| Allegro CL version 10.0 Significantly revised from 9.0. 9.0 version |
Arguments: &key type start-sampling-p count count-list except-processes interpret-closures verbose
This function starts the collection of runtime analyzer data. Data collection is stopped with a call to stop-profiler. The macro with-profiling wraps its body in a call to start-profiler at the start and a call to stop-profiler at the end.
When started, the runtime analyzer creates two new files in a temporary location for saving sample data and initializes the runtime analyzer data structures. These files are removed after analysis. See Further points, including information on temporary files in runtime-analyzer.htm.
The type keyword argument specifies the type of profile data to be collected. The choices are
Value | Meaning |
:time |
collect CPU time data (but not space data) |
:real-time |
collect real time data (but not space data) |
:space |
collect space data (but not time data) |
:count-only |
collect call-count data but no time or space data |
You can collect either time data or space data but not both in a single run, but you can have call-counting data collected while collecting either time or space data. Or you can have call-counting data only collected. So the choices are:
:time
or :real-time
and both count and
count-list should be nil
or unspecified.
:time
or :real-time
and either count or
count-list (or both) should be non-nil
. (Appropriate
non-nil
values of count and
count-list are given below.)
:space
and both count and
count-list should be nil
or unspecified.
:space
and either count or
count-list (or both) should be non-nil
. (Appropriate non-nil
values of count and
count-list are given below.)
:count-only
and either count
or count-list (or both) should be non-nil
. (Appropriate non-nil
values of
count and count-list are
given below.)
If no value is specified for type, it defaults to
:count-only
if either count or
count-list (or both) are non-nil
and it defaults to :time
if
both count or count-list are
nil
or unspecified.
The count and
count-list arguments control whether
call-counting information should be collected during the run. Call
count information is collected if either argument is true. Both
default to nil
.
count can be a positive integer or t. If it is a positive integer, a hash table with that many entries is created. If it is t, a hash table of 1000 entries is created. The table is filled with function objects specified by count-list, if any. New function objects (beyond what is specified in count-list) are added to the table as the associated function is called until the table is filled. No information is collected on function objects called for the first time after the table is filled.
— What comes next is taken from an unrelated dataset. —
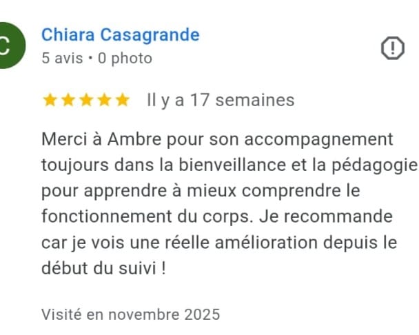 Ambre m’a beaucoup aidée, avec une approche très douce et totalement bienveillante, à identifier et à détendre des nœuds émotionnels profond, mais également à investir des espaces intérieurs et extérieurs dans lesquels je m’empêchait d’aller.
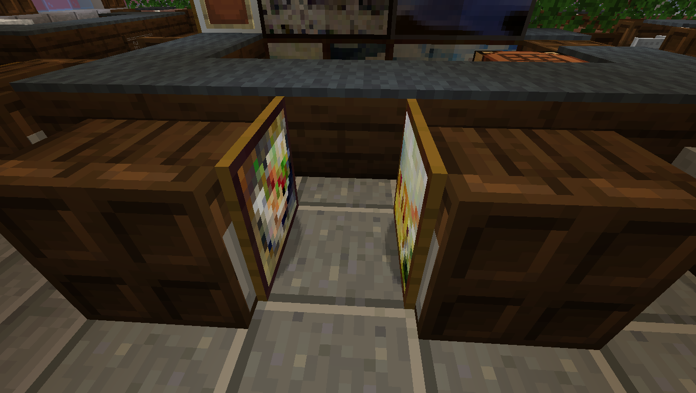 On both sides of the gap, place a painting so the two paintings are facing each other.

count-list, if specified, should be a list of function objects (not symbols -- thus elements should be #'foo rather than foo). The hash table mentioned in the description of count just above is filled with the elements of count-list, in order, until the hash table is filled or the list is exhausted. Specifying a value for this variable ensures that functions you are interested in are call-counted. Note that if the length of the list is greater than the value of count, only the first count elements are entered in the hash table; the rest are ignored. If count-list has a true value but no value is specified for count, count defaults to 1000 (even if the length of count-list is greater than 1000).
If the start-sampling-p keyword
argument is true or is not supplied then sampling is started
immediately. If it is specified nil
, sampling
is not started until start-sampling is called. The functions
start-sampling and
stop-sampling can be
used to control the gathering of samples while the runtime analyzer is
running. The default value of this argument is t.
The except-processes keyword argument
should be a list of processes or nil
. This
argument causes the runtime analyzer to not record data about the
processes listed in this argument. Use of this argument is a good way
to narrow down the extent of an analysis, if multiprocessing is being
used. (In earlier releases, there was an
except-stack-groups argument, which applied to
certain platforms. That argument is no longer supported and a value
provided for it is assumed to be a value for
except-processes. A warning is signaled if
except-stack-groups is specified.)
The interpret-closures argument controls
the handling of closures. When interpret-closures
is
nil
(the default) the closures are not saved
and analyzed separately. When true,
closures are saved and analyzed as separate profile entries, even
though they may use the same template function. A function
specialization called prof:closure
has been added. This
is valid whenever an analyzed profile exists and identifies the
closures which the runtime analyzer has seen.
The specialization is
(prof:closure n)
where n is a small integer enumerating
the closures in the profile. This allows the user to grab the closure
object and to do a prof:disassemble-profile on it without
having to know what symbol holds its fdefinition
(which
is sometimes very hard).
When flat analyses and call-graphs are reported, closures are
identified by (prof:closure n)
, followed by the printed
representation of the closure object itself.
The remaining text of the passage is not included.